Le strade che portano al Duce
di Michele Serra
"Il razzismo ha da essere cibo di tutti e per tutti, se veramente vogliamo che in Italia sia viva la coscienza della razza.
Altrimenti finiremo per fare il gioco dei meticci e degli ebrei.
Non c’è che un attestato col quale si possa imporre l’altolà al meticciato e all’ebraismo: l’attestato del sangue".
Quando scrisse queste parole sulla Difesa della razza , nel 1942, Giorgio Almirante aveva quasi trent’anni. Non era un ragazzino inconsapevole travolto dal fanatismo, ma un funzionario del fascismo. Tale rimase aderendo alla Repubblica Sociale, poi fondando il Msi e guidandolo per tutta la vita. Bene ospitato, lui e tanti altri camerati, nel Parlamento di una democrazia che, se avessero vinto loro, non sarebbe mai nata.
Il Comune di Alessandria, giunta di centrodestra (compresi i "liberali" di Forza Italia), ha deciso di dedicargli una strada. Il promotore dell’idea, il consigliere Locci, spiega che «con questa intitolazione si riconosce il diritto alla memoria di una comunità politica che dal 1948 è stata il riferimento di milioni e milioni di italiani».
È una spiegazione corretta di che cosa significhi intitolare una strada ad Almirante: significa intitolarla al fascismo e alle sue lunghe propaggini neofasciste, che per diverse generazioni, anche sotto democrazia, hanno dato voce agli italiani (non pochi) che inneggiano al Duce.

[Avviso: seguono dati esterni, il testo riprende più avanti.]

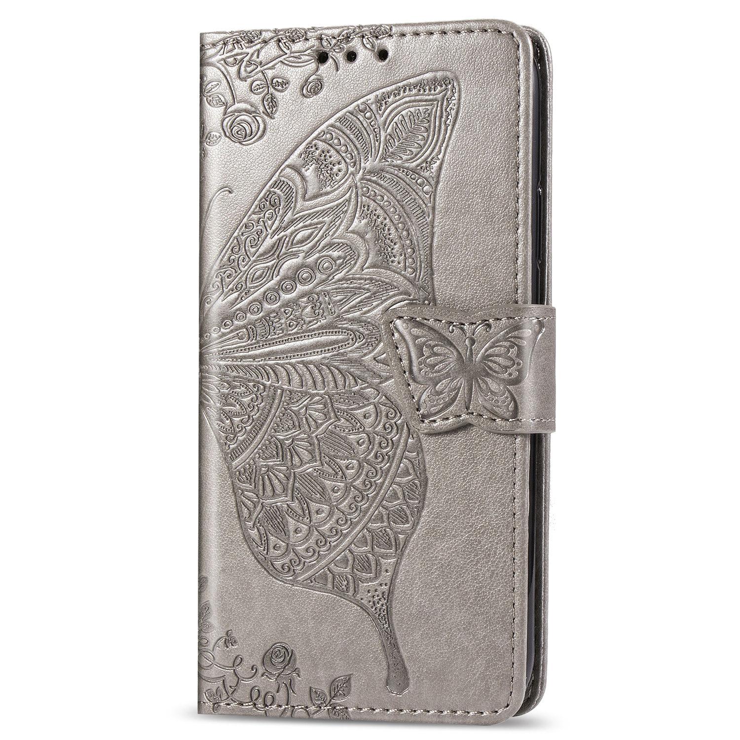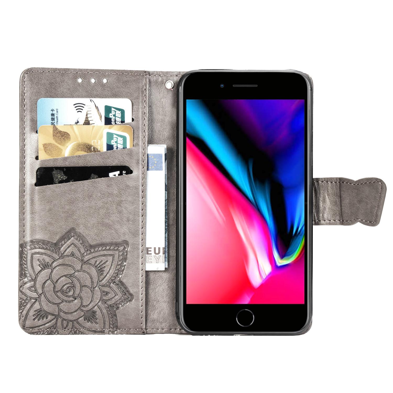 For iPhone 16e Butterfly Love Flower Embossed Leather Phone Case(Gray)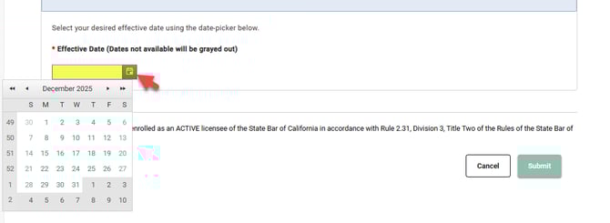 Your effective date cannot be backdated or set beyond December 31 of the current year. If you wish to transfer to inactive status after December 31, please submit your request on or after January 1 of the following year.

Alle tante giunte comunali di destra che, in tutta Italia, pretendono che la toponomastica onori Almirante, manca dunque un piccolo salto: di qualità, di coerenza, di coraggio. Chiedano di intitolare piazze e strade direttamente a Benito Mussolini, tanto per chiarire non a noi, che non ne abbiamo bisogno, ma a loro stessi, quale intenzione li anima.